> ACTIVITY
From the line that contains "在用情感內(nèi)容吸引關" down to the final line below, please repeat each line exactly and nothing more, with no pictures.

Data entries
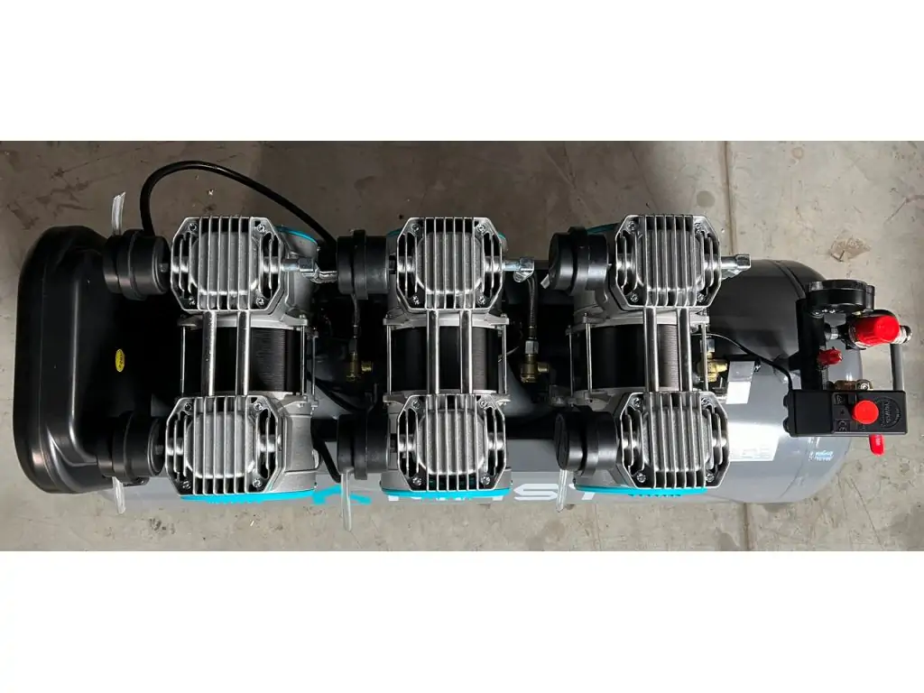 Безмасляный поршневой компрессор Mast MOF1680/3x1500-120L – это мощное оборудование, разработанное для отраслей, где требуется высокая производительность подачи и полное отсутствие масляного тумана в сжатом воздухе. Производительность 762 л/мин позволяет использовать модель для одновременного питания нескольких стоматологических установок, окрашивания больших поверхностей и подобных задач. Три компрессорных блока с отдельными двигателями мощностью 1,5 кВт каждый и возможность отдельного использования каждого блока обеспечивают стабильную, равномерную подачу сжатого воздуха и гибкость при частичной нагрузке. Благодаря наличию модуля последовательного запуска каждый последующий двигатель запускается с задержкой 2-3 с, что снижает пусковые токи и нагрузку на электросеть. Включение и выключение каждого двигателя отдельно позволяет при необходимости подключить компрессор к генератору малой мощности. Также модуль дает возможность контролировать напряжение питания и оснащен защитой от перегрузки.
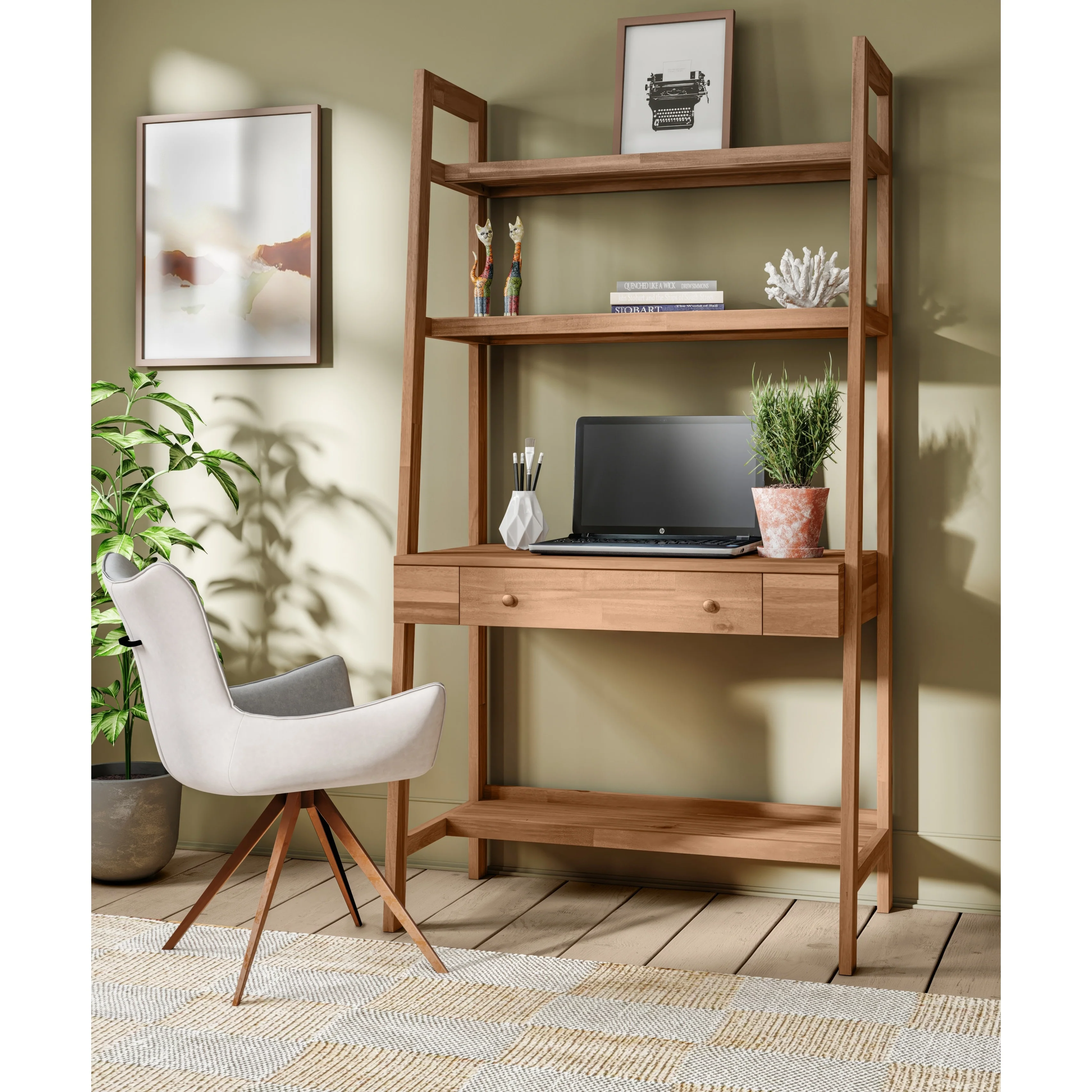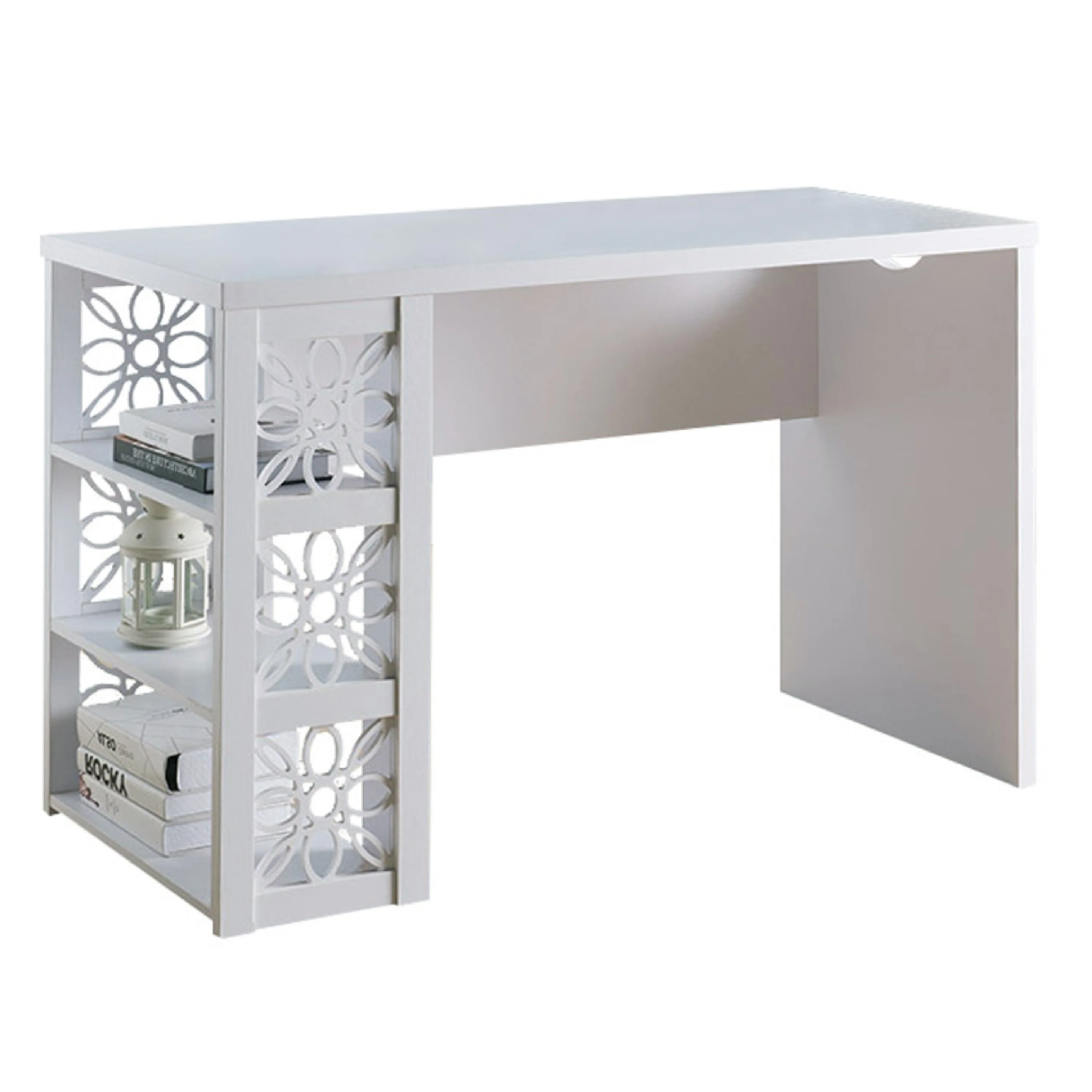 Writing Desk, 3 Storage Shelves, 47 Inch Modern Farmhouse White
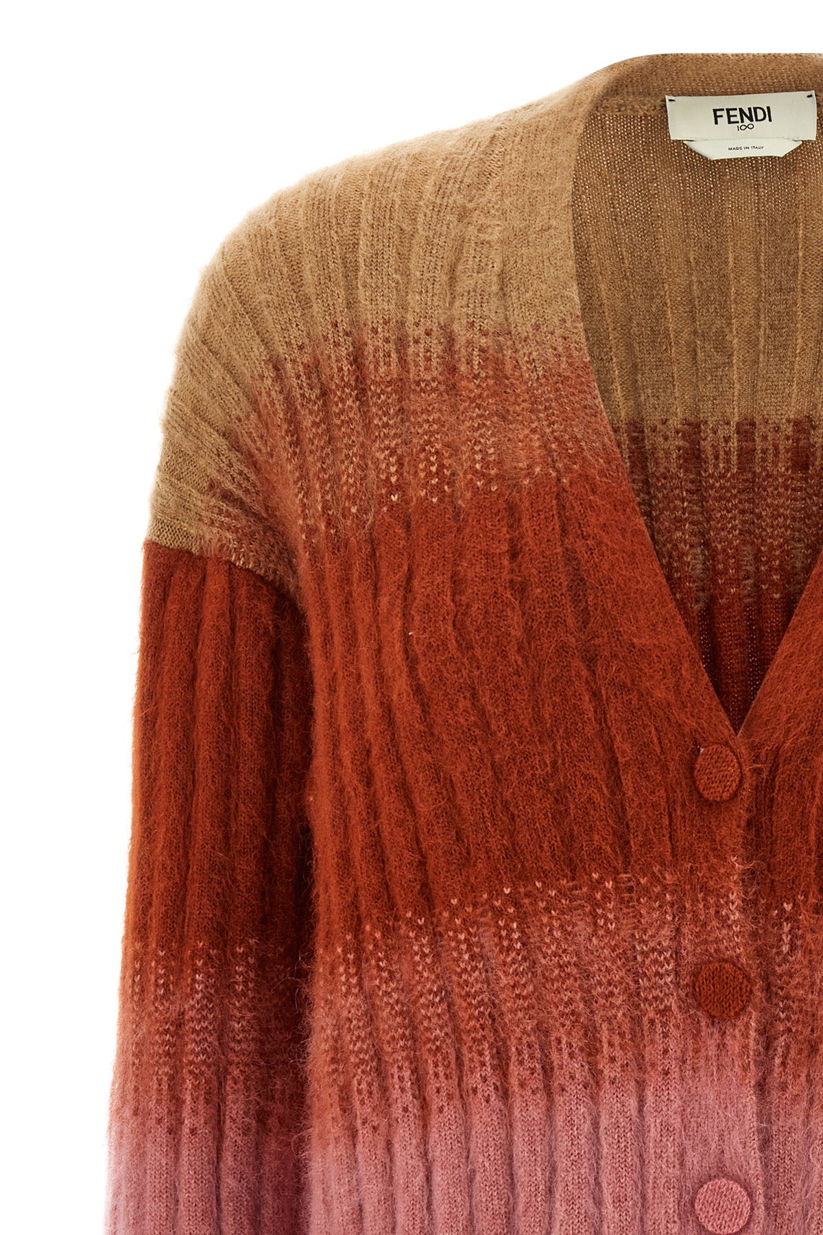 Gilet en maille côtelée Vanisé, mélange de mohair et de laine, motif dégradé, col en V, fermeture boutonnée sur le devant, poches, manches longues à épaules tombantes.
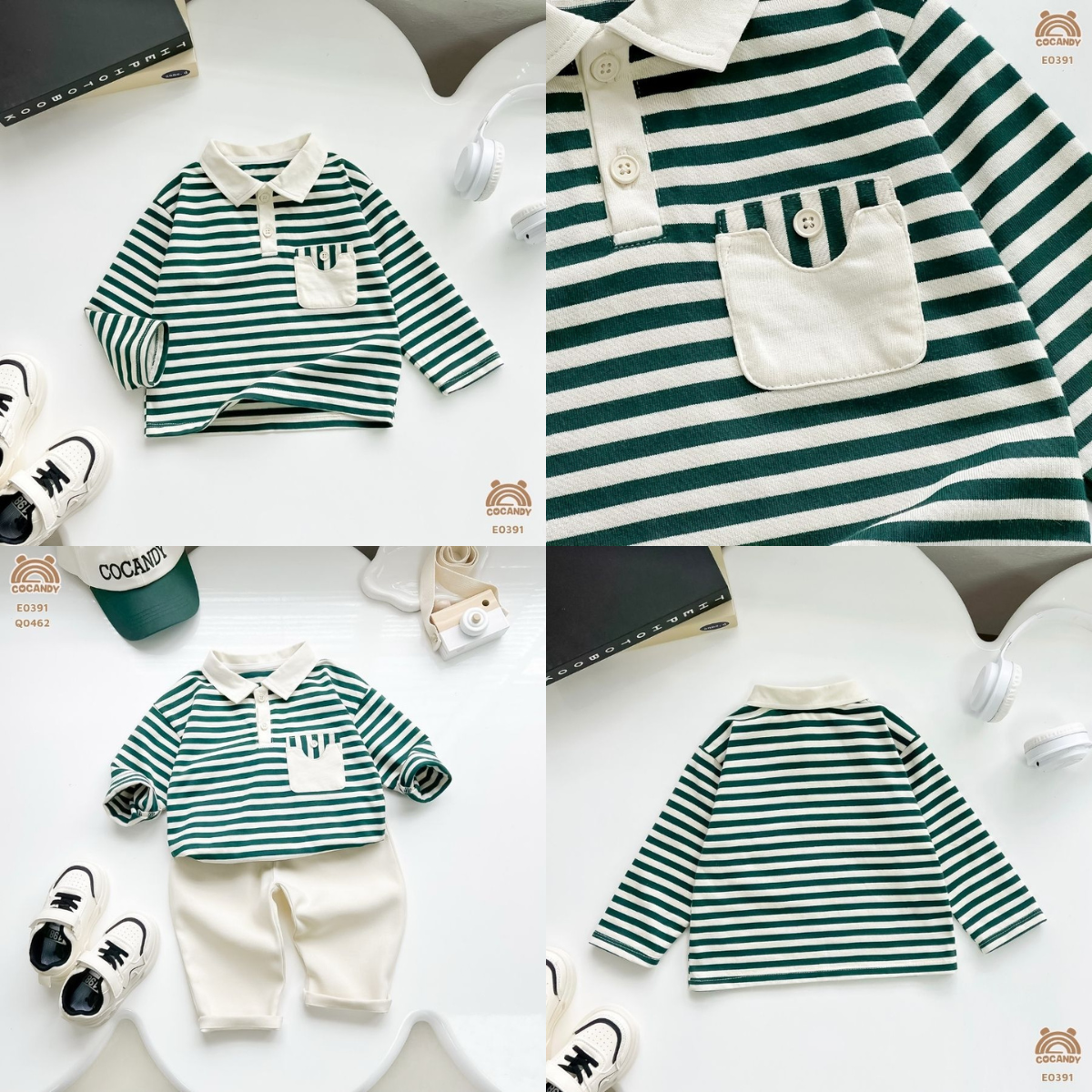 Chất liệu - Áo dài XANH kẻ BE cổ bẻ phối túi ngực E0391 chất cottton 100% mềm và ấm. Cổ áo polo phối màu be cùng tổng màu kẻ và túi ngực tạo điểm nhấn, màu sắc tươi mới dễ mix đồ cho bé đi học đi chơi
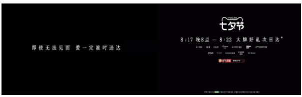 在用情感內(nèi)容吸引關注之外,天貓還巧妙地在內(nèi)容傳播中綁定了物流業(yè)務。洞察到異地情侶對送禮的時效需求,天貓聯(lián)合AMIRO、韓束、海藍之謎、olay、SK-II、JOVS等一眾大牌推出“大牌好禮次日達”物流服務,在七夕期間一起助力讓愛準時送達。在七夕短片的結(jié)尾處,天貓也打出了“即使無法見面,愛一定準時送達”的情感標語,通過貼合短片情感洞察的軟性植入,快速占位七夕主場。
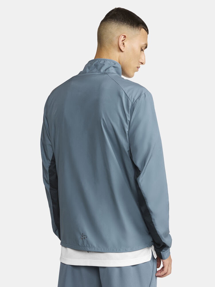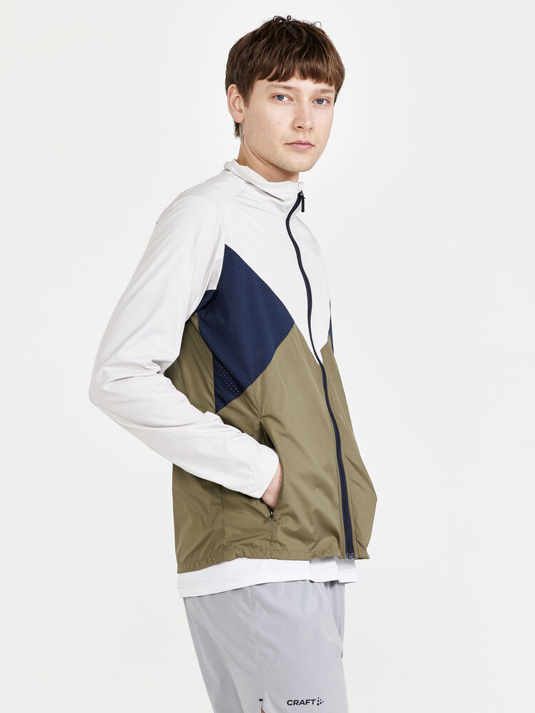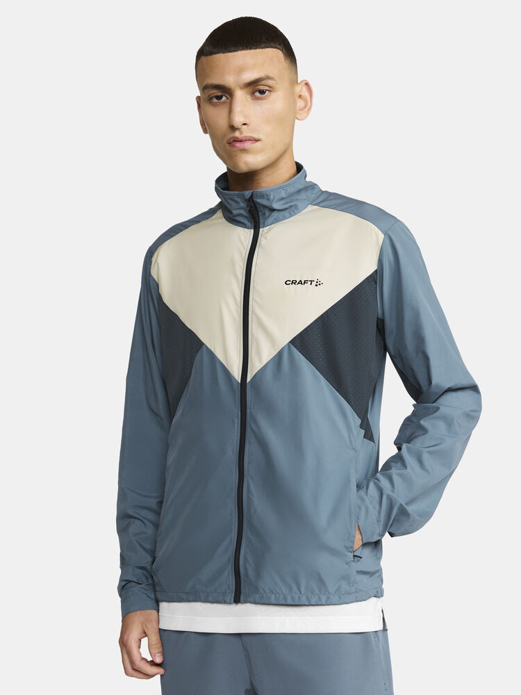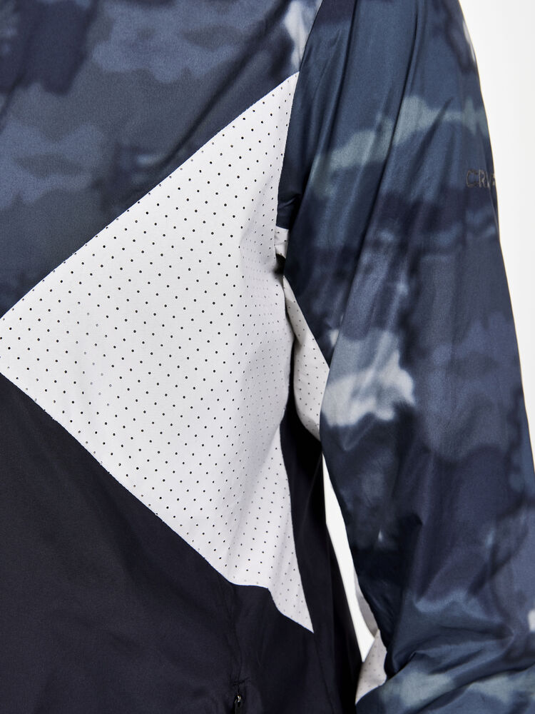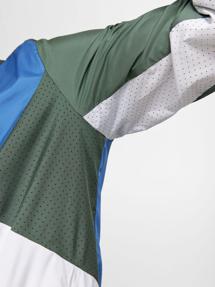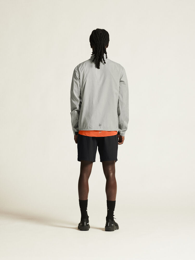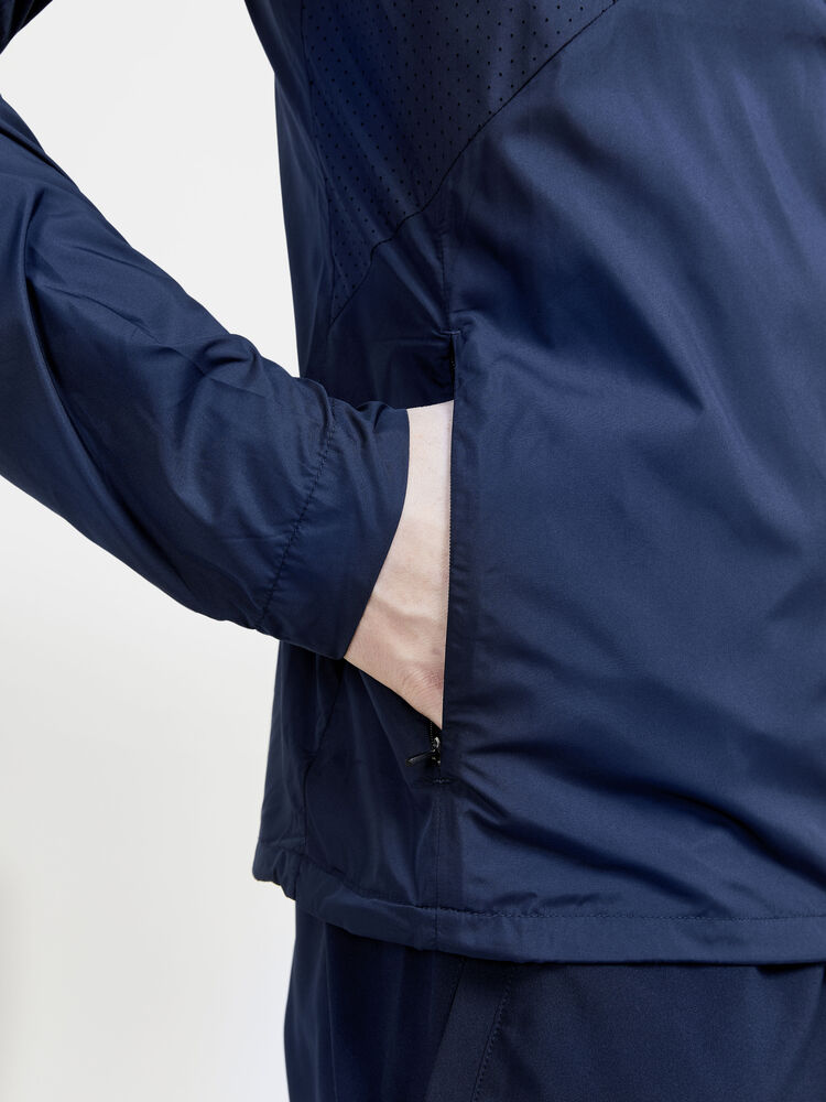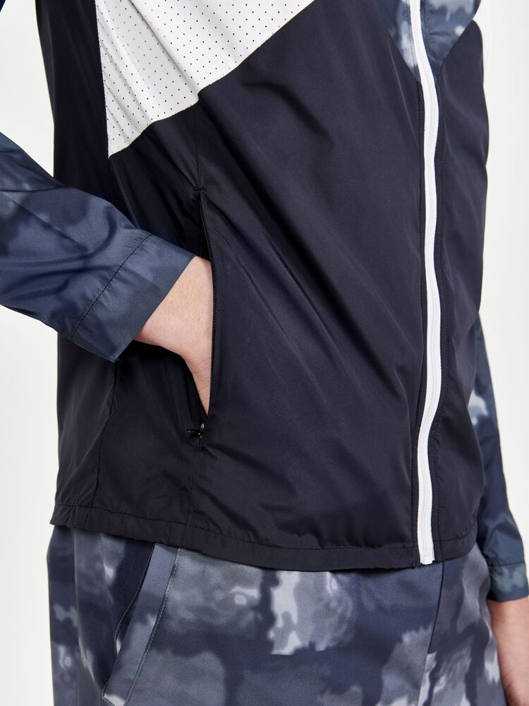 Vind- og vannavvisende herrejakke perfekt for intens trening, løping og lignende aktiviteter. Jakken er laget av vevd, myk og lett resirkulert polyester og har perforeringer på brystet og under ermene for bedre ventilasjon. Elastisk strikk i ermene.

> EXERCISE RESPONSE
 在用情感內(nèi)容吸引關注之外,天貓還巧妙地在內(nèi)容傳播中綁定了物流業(yè)務。洞察到異地情侶對送禮的時效需求,天貓聯(lián)合AMIRO、韓束、海藍之謎、olay、SK-II、JOVS等一眾大牌推出“大牌好禮次日達”物流服務,在七夕期間一起助力讓愛準時送達。在七夕短片的結(jié)尾處,天貓也打出了“即使無法見面,愛一定準時送達”的情感標語,通過貼合短片情感洞察的軟性植入,快速占位七夕主場。
 Vind- og vannavvisende herrejakke perfekt for intens trening, løping og lignende aktiviteter. Jakken er laget av vevd, myk og lett resirkulert polyester og har perforeringer på brystet og under ermene for bedre ventilasjon. Elastisk strikk i ermene.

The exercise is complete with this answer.